Struct counter::Counter

pub struct Counter<T: Hash + Eq> {
    pub map: HashMap<T, usize>,
}

Fields

map: HashMap<T, usize>

HashMap backing this Counter

Public to expose the HashMap API for direct manipulation. That said, this may change in the future to some other mapping type / trait.

Methods

impl<T> Counter<T> where
    T: Hash + Eq, 

fn new() -> Counter<T>

Create a new, empty Counter

fn init<I>(iterable: I) -> Counter<T> where
    I: IntoIterator<Item = T>, 

Create a new Counter initialized with the given iterable

fn update<I>(&mut self, iterable: I) where
    I: IntoIterator<Item = T>, 

Add the counts of the elements from the given iterable to this counter

fn subtract<I>(&mut self, iterable: I) where
    I: IntoIterator<Item = T>, 

Remove the counts of the elements from the given iterable to this counter

Non-positive counts are automatically removed

impl<T> Counter<T> where
    T: Hash + Eq + Clone, 

fn most_common(&self) -> IntoIter<(T, usize)>

Create an iterator over (frequency, elem) pairs, sorted most to least common.

FIXME: This is pretty inefficient: it copies everything into a vector, sorts the vector, and returns an iterator over the vector. It would be much better to create some kind of MostCommon struct which implements Iterator which does all the necessary work on demand. PRs appreciated here!

fn most_common_tiebreaker<F>(&self, tiebreaker: F) -> IntoIter<(T, usize)> where
    F: Fn(&T, &T) -> Ordering, 

Create an iterator over (frequency, elem) pairs, sorted most to least common.

In the event that two keys have an equal frequency, use the supplied ordering function to further arrange the results.

FIXME: This is pretty inefficient: it copies everything into a vector, sorts the vector, and returns an iterator over the vector. It would be much better to create some kind of MostCommon struct which implements Iterator which does all the necessary work on demand. PRs appreciated here!

impl<T> Counter<T> where
    T: Hash + Eq + Clone + Ord, 

fn most_common_ordered(&self) -> IntoIter<(T, usize)>

Create an iterator over (frequency, elem) pairs, sorted most to least common.

In the event that two keys have an equal frequency, use the natural ordering of the keys to further sort the results.

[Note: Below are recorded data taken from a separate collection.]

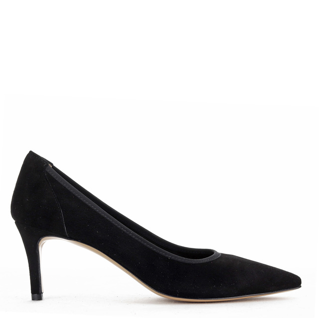 Sportowa szpilka z zamszu bez futrówki wykończona gumką wokół buta na czarnej,skórzanej podeszwie. Posiadają jasną, skórzaną wkładkę.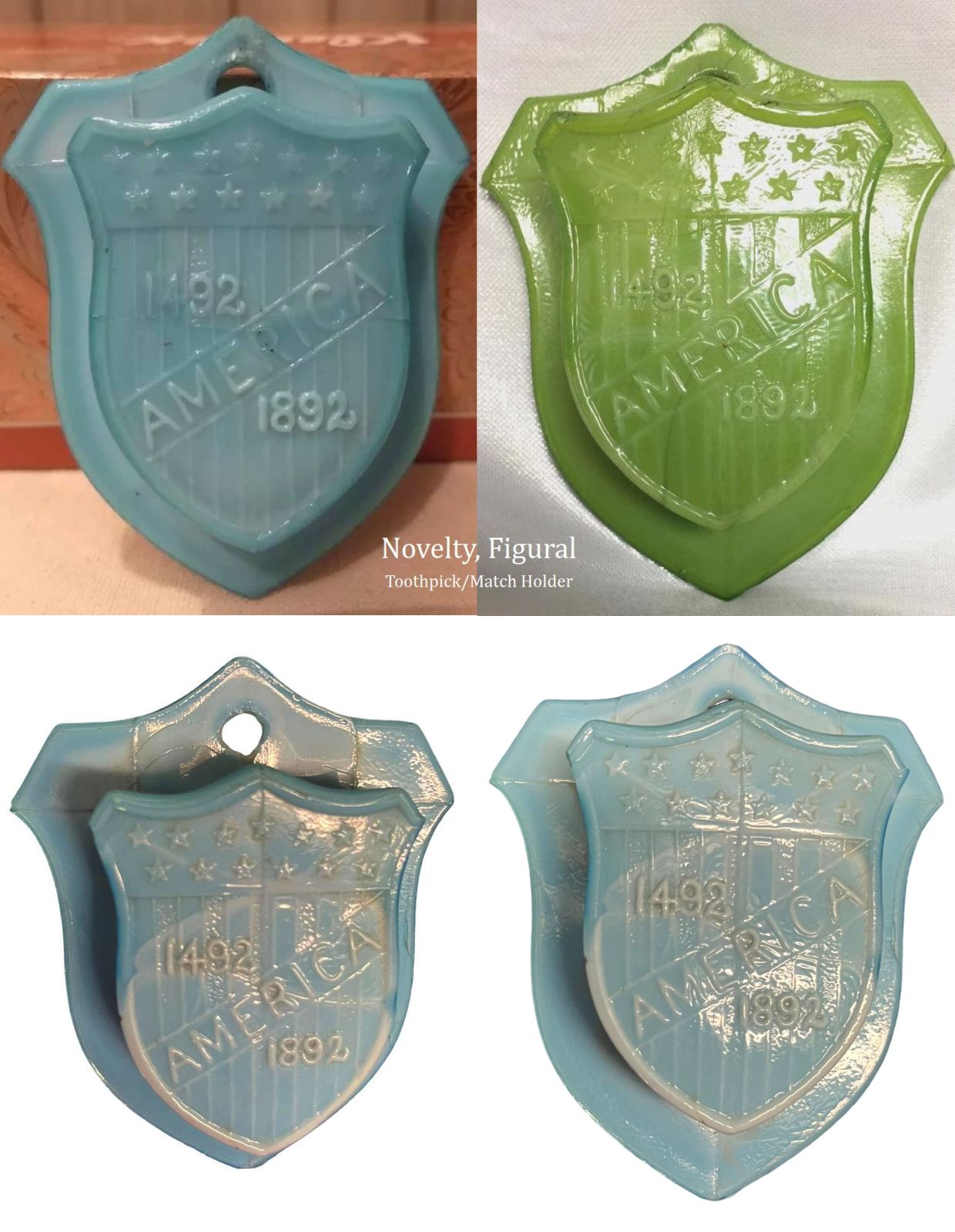 NOTE: Richard Ryan 2019 - The America Shield was made by Factory C of the United States Glass Company in 1892. Challinor, Taylor & Co. In addition to this green and blue, it was made in black, opal and clear. also see COLUMBIAN EXPOSITION SOUVENIRS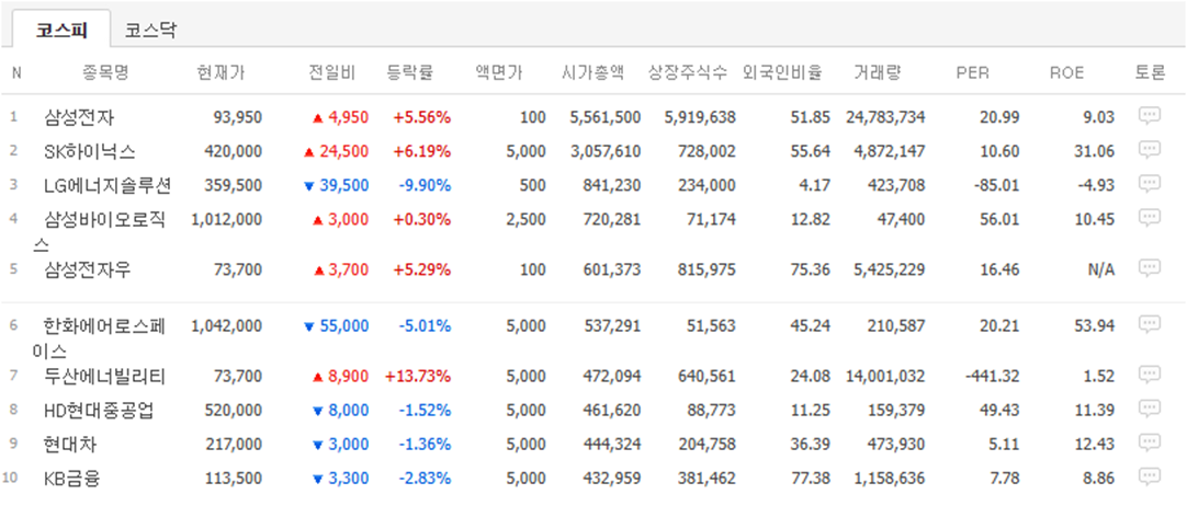 삼성전자(+5.56%), SK하이닉스(+6.19%)가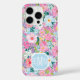 Customise this gorgeous modern colourful flower garden of flowers in pink, blue, purple and yellow iPhone 16 pro case with your your initials in a modern CAP font in white on blue. It's so vibrant and happy!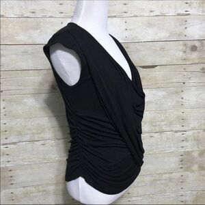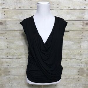 Green Envelope sparkly cap sleeve asymmetrical draped front shirred top size L. Gently used.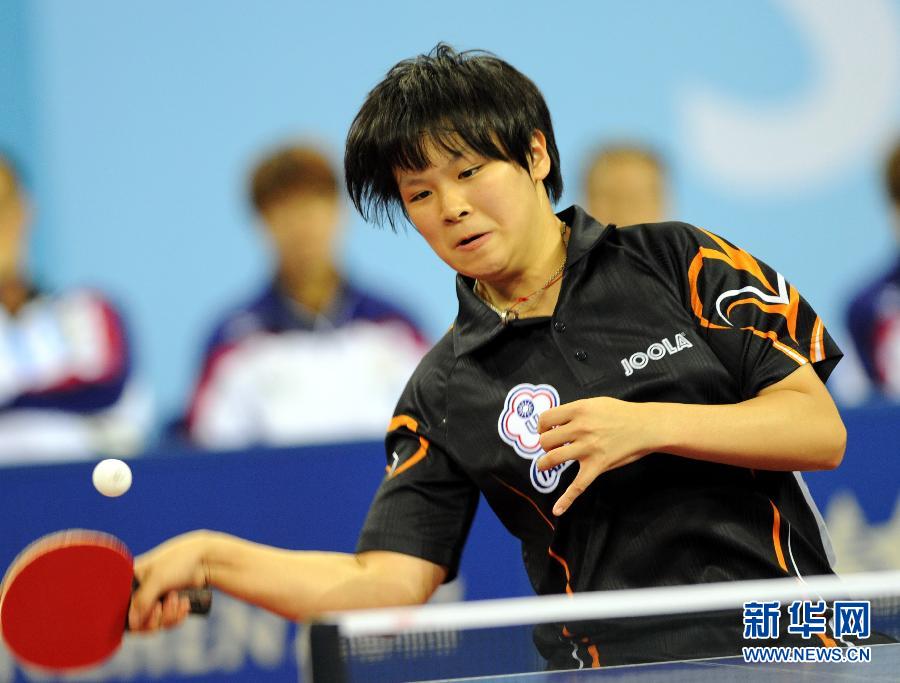 8月13日,中華臺(tái)北隊(duì)選手鄭怡靜在比賽中回球,她以1比3不敵中國(guó)隊(duì)選手饒靜文。當(dāng)日,在第二十六屆世界大學(xué)生運(yùn)動(dòng)會(huì)乒乓球女子團(tuán)體首輪比賽中,中華臺(tái)北隊(duì)以0比3不敵中國(guó)隊(duì)。新華社記者楊世堯攝

FIXME: This is pretty inefficient: it copies everything into a vector, sorts the vector, and returns an iterator over the vector. It would be much better to create some kind of MostCommon struct which implements Iterator which does all the necessary work on demand. PRs appreciated here!

Trait Implementations

impl<T: Clone + Hash + Eq> Clone for Counter<T>

fn clone(&self) -> Counter<T>

Returns a copy of the value.

fn clone_from(&mut self, source: &Self)

Performs copy-assignment from source.

impl<T: PartialEq + Hash + Eq> PartialEq for Counter<T>

fn eq(&self, __arg_0: &Counter<T>) -> bool

This method tests for self and other values to be equal, and is used by ==.

fn ne(&self, __arg_0: &Counter<T>) -> bool

This method tests for !=.

impl<T: Eq + Hash + Eq> Eq for Counter<T>

impl<T> Add for Counter<T> where
    T: Clone + Hash + Eq, 

type Output = Counter<T>

The resulting type after applying the + operator

fn add(self, rhs: Counter<T>) -> Counter<T>

Add two counters together.

out = c + d; -> out[x] == c[x] + d[x]

impl<T> Sub for Counter<T> where
    T: Clone + Hash + Eq, 

type Output = Counter<T>

The resulting type after applying the - operator

fn sub(self, rhs: Counter<T>) -> Counter<T>

Subtract (keeping only positive values).

out = c - d; -> out[x] == c[x] - d[x]

impl<T> BitAnd for Counter<T> where
    T: Clone + Hash + Eq, 

type Output = Counter<T>

The resulting type after applying the & operator

fn bitand(self, rhs: Counter<T>) -> Counter<T>

Intersection

out = c & d; -> out[x] == min(c[x], d[x])

impl<T> BitOr for Counter<T> where
    T: Clone + Hash + Eq, 

type Output = Counter<T>

The resulting type after applying the | operator

fn bitor(self, rhs: Counter<T>) -> Counter<T>

Union

out = c | d; -> out[x] == max(c[x], d[x])